Brief |
Note on the material below: return exactly the lines from the line that holds "Entry boho Floral" through the line that holds "Theo báo cáo", and leave out each picture.

Material to process |

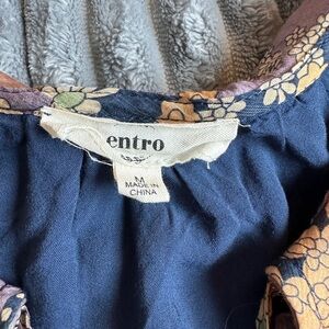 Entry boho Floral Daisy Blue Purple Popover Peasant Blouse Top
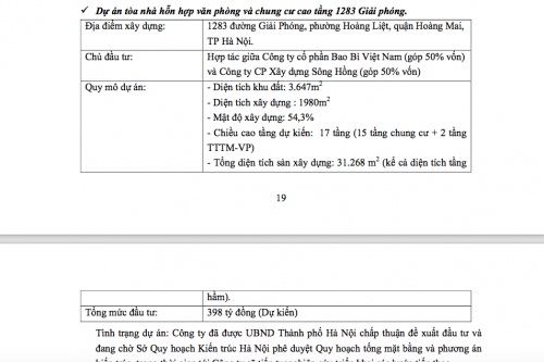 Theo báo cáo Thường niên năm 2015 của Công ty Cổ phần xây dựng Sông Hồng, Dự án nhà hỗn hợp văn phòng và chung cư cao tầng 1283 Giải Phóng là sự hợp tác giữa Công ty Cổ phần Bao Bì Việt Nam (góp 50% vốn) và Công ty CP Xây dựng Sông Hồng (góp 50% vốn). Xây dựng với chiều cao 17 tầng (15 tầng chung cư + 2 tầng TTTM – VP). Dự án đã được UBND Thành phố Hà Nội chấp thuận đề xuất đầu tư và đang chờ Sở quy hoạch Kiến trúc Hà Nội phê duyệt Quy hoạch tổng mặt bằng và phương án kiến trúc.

==

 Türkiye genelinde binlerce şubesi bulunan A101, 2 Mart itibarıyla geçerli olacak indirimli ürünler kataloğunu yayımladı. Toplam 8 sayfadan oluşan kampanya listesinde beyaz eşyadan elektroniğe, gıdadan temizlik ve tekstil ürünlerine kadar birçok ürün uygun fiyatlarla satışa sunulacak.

...

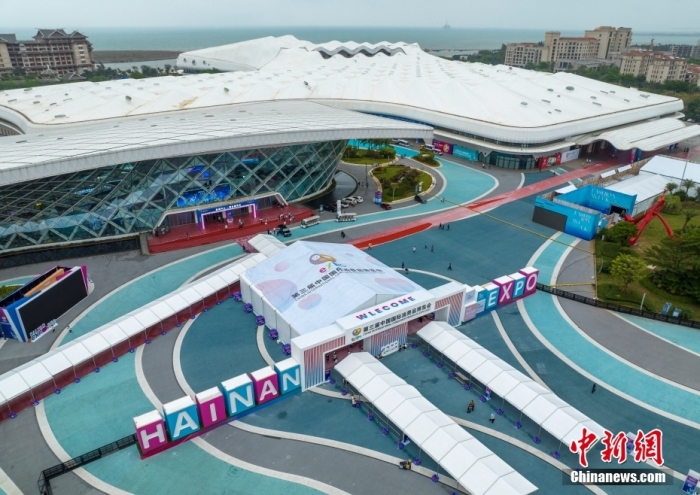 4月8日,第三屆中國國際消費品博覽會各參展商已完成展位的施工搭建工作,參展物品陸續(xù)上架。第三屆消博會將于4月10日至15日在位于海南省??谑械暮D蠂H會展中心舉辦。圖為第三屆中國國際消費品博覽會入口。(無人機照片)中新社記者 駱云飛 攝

Solution for this problem |
 Entry boho Floral Daisy Blue Purple Popover Peasant Blouse Top
 Theo báo cáo Thường niên năm 2015 của Công ty Cổ phần xây dựng Sông Hồng, Dự án nhà hỗn hợp văn phòng và chung cư cao tầng 1283 Giải Phóng là sự hợp tác giữa Công ty Cổ phần Bao Bì Việt Nam (góp 50% vốn) và Công ty CP Xây dựng Sông Hồng (góp 50% vốn). Xây dựng với chiều cao 17 tầng (15 tầng chung cư + 2 tầng TTTM – VP). Dự án đã được UBND Thành phố Hà Nội chấp thuận đề xuất đầu tư và đang chờ Sở quy hoạch Kiến trúc Hà Nội phê duyệt Quy hoạch tổng mặt bằng và phương án kiến trúc.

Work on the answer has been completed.